Ela ainda ajudou a organizar o museu sobre a Segunda Guerra de Maceió-AL, fundou as revistas Ex-combatentes, da Associação de Ex-Combatentes, e O Febiano, da Associação Nacional dos Veteranos da Força Expedicionária Brasileira.

Major Elza fraturou o fêmur quando se recuperava de um Acidente Vascular Cerebral (AVC) ocorrido no início do ano. Seu corpo foi velado na manhã da quarta-feira (9) no salão nobre do Palácio Duque de Caxias, no Rio de Janeiro, e foi cremado após o fim da cerimônia, conforme desejo dos familiares.

Levados ao esquecimento

Apesar de seus vínculos militares, Major Elza sempre fez duras críticas ao tratamento dado aos ex-combatentes de guerra. Em uma de suas últimas entrevistas antes de morrer, Elza fez questão de enfatizar alguns dos problemas vividos pelos soldados que voltaram ao Brasil.

“O caboclo do interior estava acostumado a usar fragata de couro, a fumar cigarro de palha, a comer jabá com farinha e usar umas camisas de fazenda bem ordinárias. Ele vai pro Exército, lhe dão uma roupa bonita, um sapato brilhando, engraxado, passa a fumar ‘Chesterfield’, ‘Camel’ e a única coisa que ensinaram foi matar. A guerra termina, ‘tchau, vai embora para casa’. Não houve nenhuma preparação psicológica para a desmobilização. Então o que aconteceu é que nós tivemos uma quantidade de falhas”, explica.

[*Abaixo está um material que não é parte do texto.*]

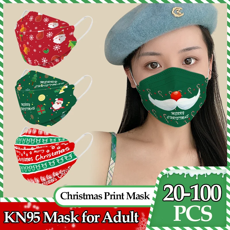 Рождественская маска KN95 для взрослых, 4-слойная Защитная дышащая ...
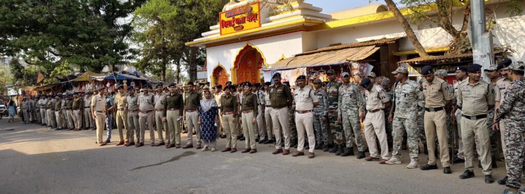 एकंर…होली त्यौहार के मद्देनज़र जिले में कानून-व्यवस्था की स्थिति को सुदृढ़ बनाए रखने, गुंडा-बदमाशों के मन में भय तथा आमजन में सुरक्षा की भावना स्थापित करने हेतु आज धमतरी जिला मुख्यालय एवं आसपास के संवेदनशील क्षेत्रों में पुलिस अधीक्षक धमतरी सूरज सिंह परिहार के नेतृत्व में पुलिस एवं प्रशासन द्वारा संयुक्त भव्य फ्लैग मार्च निकाला गया….

Segundo ela, faltou preparação psicológica para os brasileiros que retornaram da Itália. “Pessoas que não tinham capacidade pra fazer nada, não sabiam fazer nada mais do que aquilo, trabalhar no campo ou então usar a arma. Não houve preparação nenhuma. Soltaram ele na rua. Enquanto o dinheiro da reserva que ficou aqui no Brasil todo mundo queria ouvir as histórias, quando o dinheiro acabou, eles eram uns chatos que repetiam as mesmas coisas, ficaram isolados.”

“A quantidade de neuróticos que nós tivemos foi muito grande. Porque você não sabe o que é ficar… Eu estou aqui, ali fora tem um bombardeio. Você não sabe se a bomba vai cair aqui em cima ou se não vai. Só essa tensão acaba com os nervos da gente. Todos nós veteranos somos neuróticos. Quem disser que não é porque está em pior estado. Em maior ou menos grau, mas sempre tem uma neurose. Nós tínhamos soldados que não podiam ouvir o estampido de um carro que se jogava no chão porque tinha a sensação de que era bomba explodindo. Até pouco tempo, ainda tem muita gente aí completamente fora do ar. E, eu mesma sou neurótica, tenho a minha neurose. Não posso falar da guerra que eu começo a chorar. A neurose se exacerba”, disse.